Cela pourrait signifier que Washington n’imposera pas son veto sur une résolution française ou jordanienne appelant à la création d’un Etat palestinien sur la base des lignes de 1967 avec des échanges de territoires.
Les États-Unis pourraient même proposer leur propre résolution visant à consacrer les paramètres d’un futur accord de paix fondé sur une solution à deux Etats.
Des drapeaux palestiniens ne vont pas apparaître soudainement à travers la Cisjordanie à court terme. Jérusalem n’a pas à craindre non plus une volée de sanctions sévères ou d’autres mesures punitives suite à une résolution votée à Turtle Bay [le quartier où se situe le siège de l’ONU].
Mais une résolution du Conseil de sécurité serait le signal envoyé à la communauté internationale que les Américains ne sont plus intéressés à protéger le désir d’Israël de maintenir le statu quo, ce qui est susceptible de déclencher une avalanche de décisions diplomatiques qui finiront par affaiblir la position d’Israël dans les négociations avec le Palestiniens.
« Le symbolique pourrait avoir des implications sur le long terme », a déclaré le professeur en étude internationale Stephen Zune, qui coordonne le programme d’étude du Moyen-Orient à l’université de San Francisco.
Le soutien de Washington à des mesures liées à la Palestine à l’ONU mettrait en évidence l’isolement grandissant d’Israël, ce qui pourrait motiver les Israéliens à voter pour un gouvernement moins belliciste à l’avenir, suppose Zune, un critique connu du soutien diplomatique américain envers Israël.

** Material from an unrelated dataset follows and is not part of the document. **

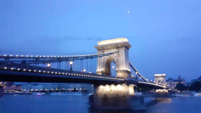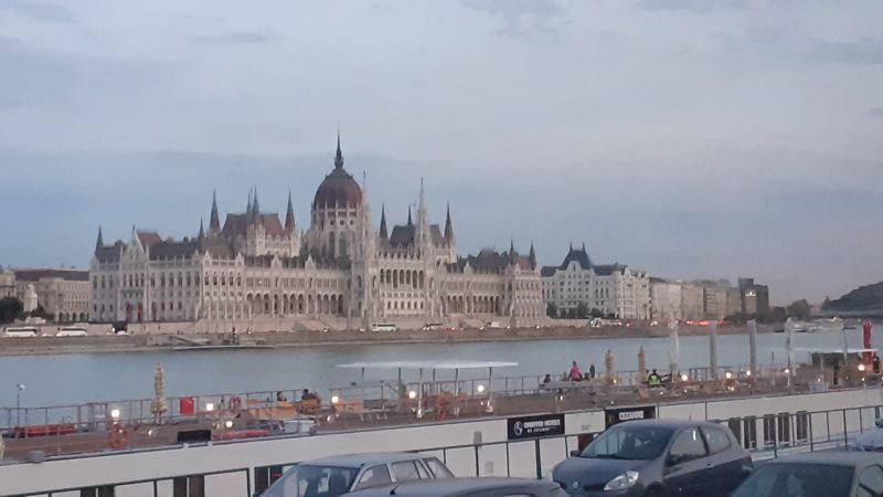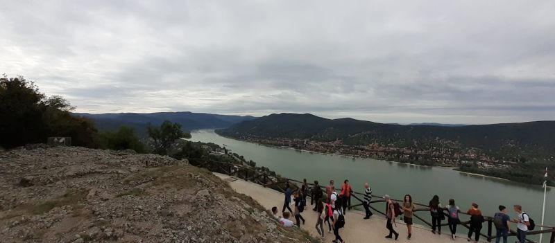 Nach dem morgendlichen Treff in der Schule ging es mit dem Bus gen Norden nach Visegrad, wo die Donau um eine Landzunge herum einen Halbbogen schlägt - auch das Donauknie genannt. Mit dem Vater einer ungarischen Gastgeberin stiefelten wir zur mittelalterlichen Burg hinauf, von der aus im 14. Jahrhundert die ungarischen Könige ihr Reich regierten. Sehr beeindruckend. Der Weg führte uns weiter zu einem Aussichtsturm in der Nähe, von dem aus wir eine tolle Sicht auf Visegrad, die Burg und das Donauknie genießen konnten. Nach einem labenden Eis (jedenfalls für die meisten) fuhren wir nach Szentendre, einem hübschen Städtchen mit kleinen Kopfsteinpflastergassen, mit Souvenirgeschäften und einer Promenade entlang der Donau - und auch mit Langós oder Lavendeleis. Auf dem Rückweg Richtung Dabas konnten wir das nächtliche Budapest bewundern, vor allem das angestrahlte Parlament, die Kettenbrücke, das Nationaltheater und den Palast der Künste. Mit der Rückkehr in Dabas kurz vor 20 Uhr ging ein erlebnisreicher, langer Tag zu Ende.

Bien qu’aucune sanction ne soit automatiquement votée pour la violation d’une résolution du Conseil de sécurité, ce supposé changement de position de l’administration américaine à l’ONU pourrait inciter l’Union européenne à commencer à appliquer des mesures punitives, telles que l’étiquetage des produits provenant de Cisjordanie, qui auraient un impact négatif sur l’économie d’Israël, explique-t-il.
Benjamin et Sara Netanyahu au QG électoral du Likud à Tel Aviv, la nuit du 17 au 18 mars 2015 (Crédit : Miriam Alster/Flash 90)
Benjamin et Sara Netanyahu au QG électoral du Likud, à Tel Aviv, la nuit du 17 au 18 mars 2015 (Crédit : Miriam Alster/Flash 90)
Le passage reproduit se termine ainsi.